Waiting for the storm

Emma met our bus at Youghal Post Office on Thursday afternoon, October 11.

“There’s a big storm coming tonight,” she said.

Callum was due to arrive just a month after Ali killed two people and left thousands without power across Ireland. People in the coastal regions were on edge. The wind had already kicked up when we left Limerick for Killarney. It almost blew us off a cliff on the Ring of Kerry.

The ocean looks deceptively calm.

We were on the south coast now, heading east.

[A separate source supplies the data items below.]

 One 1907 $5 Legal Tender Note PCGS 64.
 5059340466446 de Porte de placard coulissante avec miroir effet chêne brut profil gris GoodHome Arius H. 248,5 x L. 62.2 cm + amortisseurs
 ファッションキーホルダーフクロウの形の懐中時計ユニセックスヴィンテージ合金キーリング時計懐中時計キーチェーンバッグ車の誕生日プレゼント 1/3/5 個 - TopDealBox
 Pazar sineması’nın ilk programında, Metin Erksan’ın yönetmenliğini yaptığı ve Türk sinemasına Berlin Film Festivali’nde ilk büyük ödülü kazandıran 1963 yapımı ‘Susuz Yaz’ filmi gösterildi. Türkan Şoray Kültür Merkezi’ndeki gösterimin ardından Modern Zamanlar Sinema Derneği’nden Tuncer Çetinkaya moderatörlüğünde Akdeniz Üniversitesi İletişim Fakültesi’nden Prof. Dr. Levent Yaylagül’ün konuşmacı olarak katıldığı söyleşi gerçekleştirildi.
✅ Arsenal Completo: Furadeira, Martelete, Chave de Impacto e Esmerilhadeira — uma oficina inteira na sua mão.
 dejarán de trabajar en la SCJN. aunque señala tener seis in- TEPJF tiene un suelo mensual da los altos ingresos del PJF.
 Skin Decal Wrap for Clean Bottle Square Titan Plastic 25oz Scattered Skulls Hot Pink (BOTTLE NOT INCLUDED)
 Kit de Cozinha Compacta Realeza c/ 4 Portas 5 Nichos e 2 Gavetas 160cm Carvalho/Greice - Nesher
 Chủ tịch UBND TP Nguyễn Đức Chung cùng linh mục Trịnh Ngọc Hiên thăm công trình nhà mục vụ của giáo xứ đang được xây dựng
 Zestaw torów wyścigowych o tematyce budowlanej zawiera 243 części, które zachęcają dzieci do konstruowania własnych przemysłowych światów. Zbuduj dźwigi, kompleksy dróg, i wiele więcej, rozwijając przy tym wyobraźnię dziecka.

We’d had enough city for a while, so we bypassed Cork and booked three nights in the County Waterford countryside.

Emma describes her Airbnb as a double room with ensuite in a sensitively converted traditional Irish cottage with views of the Blackwater river and Knockmealdown mountains. The 260-year-old cottage is amazing. Here’s the view.

The skies were clear when we arrived, but after 17 days in Ireland with no daytime rain, we expected nothing less. The gale force winds Met Éireann predicted had Emma concerned.

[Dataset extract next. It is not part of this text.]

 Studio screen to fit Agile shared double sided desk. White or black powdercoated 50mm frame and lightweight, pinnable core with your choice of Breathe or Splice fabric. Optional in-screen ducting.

“My barn has a temporary roof. I could lose it.”

This isn’t the barn she was worried about.

That one houses her gallery, I am of Ireland. It has a great roof. Inside and out.

It was this one Emma was nervous about, down at the bottom of the garden flanked by her son Oscar’s rabbit hutch and chicken coop.

Oscar is 10 and a budding farmer. He grows vegetables and sells them at the top of the boreen.

We stowed our backpacks in our room and headed up the boreen to explore the neighbourhood. The locals we met were LW’s favourite sort.

Hungry after an hour’s walk, we returned to our room for a picnic supper. Our huge window offered a perfect vantage point to watch the storm brew.

Is it wrong to be disappointed when disaster fails to strike?

The wind rattled our windows a little during the night, but the gale was a no-show. By morning, all was calm.

Those clouds on the horizon, though, brought rain—two days of it.

It didn’t bother us.

It bothered the locals even less.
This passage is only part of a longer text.